Возможно, то, что мы называем выгоранием, представляет собой кризис этого знакомого сценария, ощущение внезапного расхождения с той ролью, с которой мы давно свыклись. Похожий продолжительный кризис пережил и сам Мелвилл. После коммерческого успеха первых двух романов, Тайпи (1846) и Ому (1847), на него стали давить издатели, читатели и растущая семья: все они требовали, чтобы он продолжал писать в том же духе… Но им владело желание расширить границы и возможности романного жанра, лишившее его и читателей, и доходов. В отказе заниматься копированием Мелвилл, таким образом, опередил писца Бартлби.

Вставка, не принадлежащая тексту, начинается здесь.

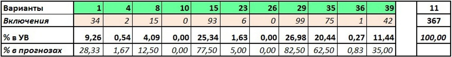 Сыграно вариантов: 11 (1-4-8-10-15-23-26-29-35-36-39)

И это привело его (опять-таки как и Бартлби) к неприятностям. Мелвилл мог писать на потребу публике и в конце концов возненавидеть себя; а мог писать странные книги, которые ему хотелось, и остаться без денег. «Я проклят долларами <…>, – жаловался он в 1851 году своему другу Натаниелу Готорну. – То, что мне более всего хотелось бы писать, закрыто для меня – за это не станут платить. Однако писать по-иному я не могу»57.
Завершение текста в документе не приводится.